▶ _Information_:
══════
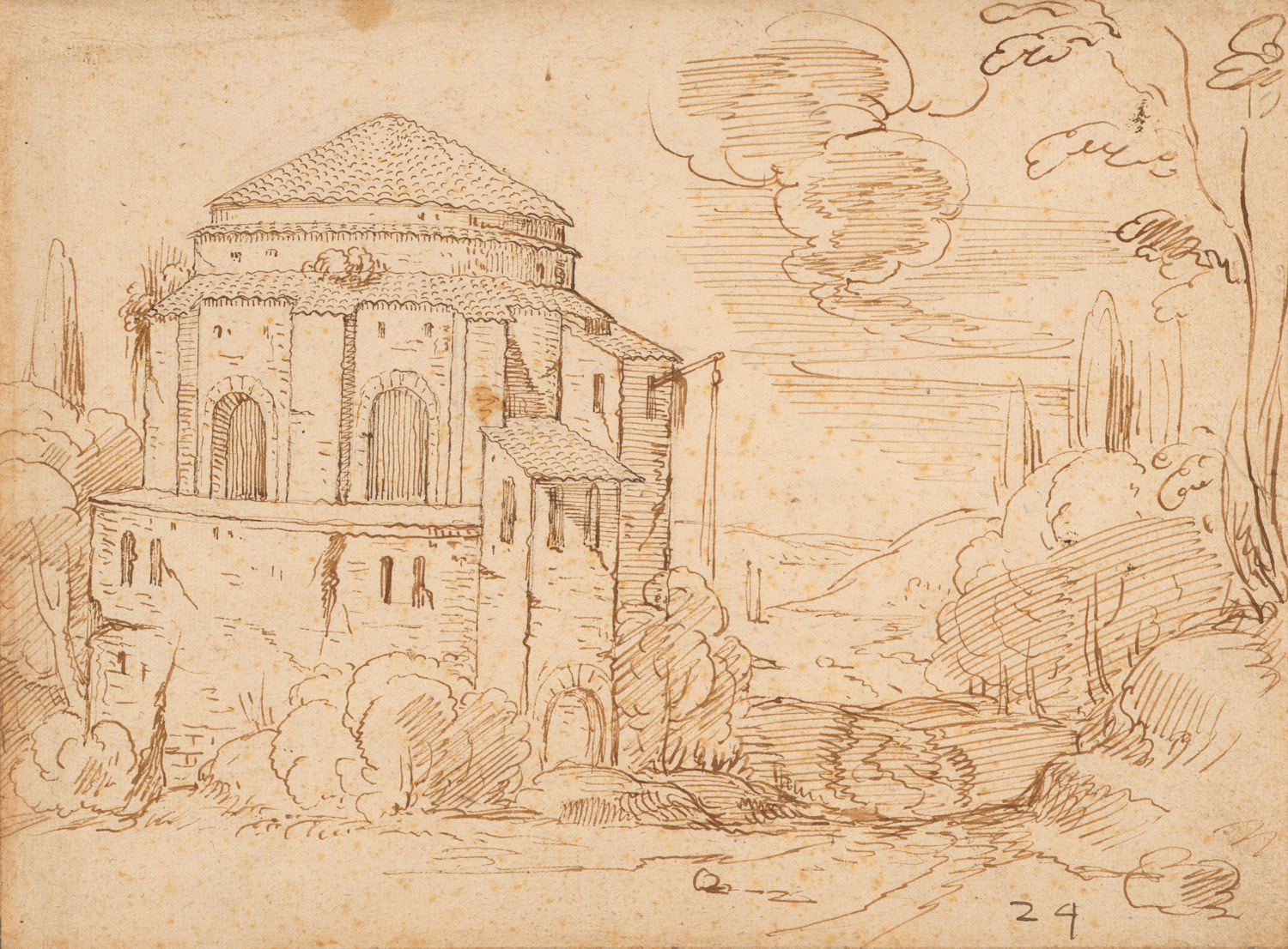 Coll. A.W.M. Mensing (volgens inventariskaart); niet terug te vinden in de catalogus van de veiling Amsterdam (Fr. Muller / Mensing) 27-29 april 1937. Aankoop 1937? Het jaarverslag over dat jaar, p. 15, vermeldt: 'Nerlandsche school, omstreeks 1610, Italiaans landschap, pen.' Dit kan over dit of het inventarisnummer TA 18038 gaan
══════
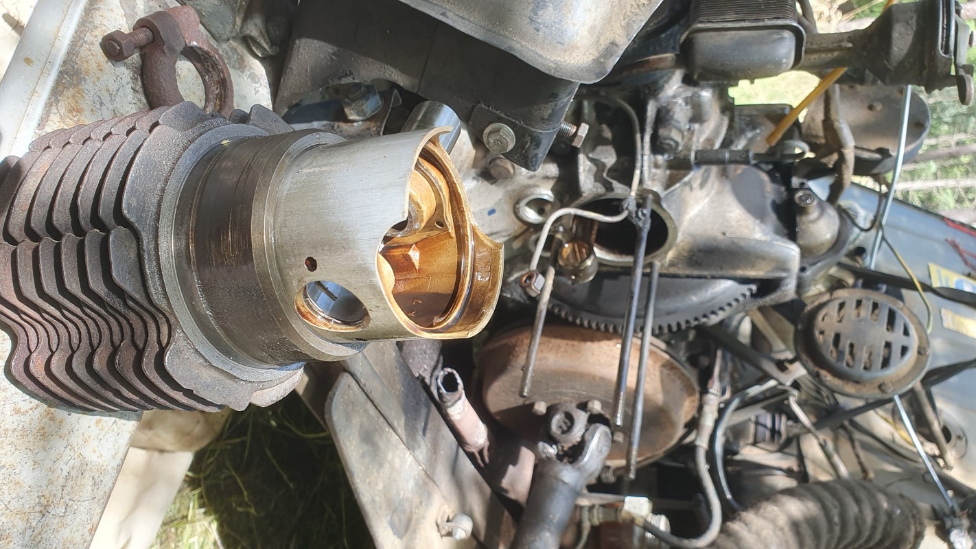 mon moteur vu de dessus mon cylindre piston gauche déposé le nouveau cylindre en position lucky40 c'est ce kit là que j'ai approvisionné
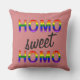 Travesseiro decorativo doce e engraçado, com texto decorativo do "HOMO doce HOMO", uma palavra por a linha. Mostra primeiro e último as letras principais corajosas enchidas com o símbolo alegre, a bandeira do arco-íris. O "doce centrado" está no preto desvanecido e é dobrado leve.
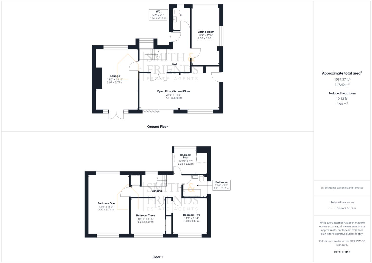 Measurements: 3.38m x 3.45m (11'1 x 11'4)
══════
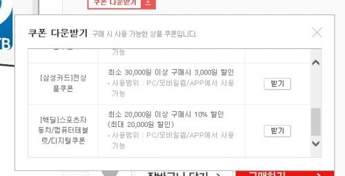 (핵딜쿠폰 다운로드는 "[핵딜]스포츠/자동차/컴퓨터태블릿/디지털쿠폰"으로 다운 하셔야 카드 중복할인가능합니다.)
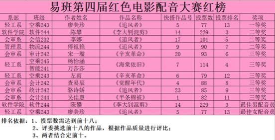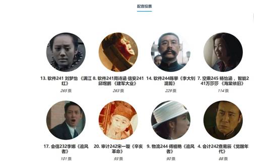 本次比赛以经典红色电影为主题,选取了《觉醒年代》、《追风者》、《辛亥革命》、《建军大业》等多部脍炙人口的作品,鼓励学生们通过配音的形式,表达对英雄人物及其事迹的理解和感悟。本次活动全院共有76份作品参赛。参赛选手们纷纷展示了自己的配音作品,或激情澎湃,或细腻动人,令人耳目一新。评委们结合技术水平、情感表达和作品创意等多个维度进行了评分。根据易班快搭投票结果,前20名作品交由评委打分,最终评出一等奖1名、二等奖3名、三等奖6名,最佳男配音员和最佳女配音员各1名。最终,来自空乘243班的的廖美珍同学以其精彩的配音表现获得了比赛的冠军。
══════
▶ _Task to carry out_:
What you return must match, character for character, the lines above from the one with "Travesseiro decorativo doce" through the one with "Measurements: 3.38m x 3.45m (11'1 x 11'4)", minus any pictures.

▶ _Response to the exercise_:
 Travesseiro decorativo doce e engraçado, com texto decorativo do "HOMO doce HOMO", uma palavra por a linha. Mostra primeiro e último as letras principais corajosas enchidas com o símbolo alegre, a bandeira do arco-íris. O "doce centrado" está no preto desvanecido e é dobrado leve.
 Measurements: 3.38m x 3.45m (11'1 x 11'4)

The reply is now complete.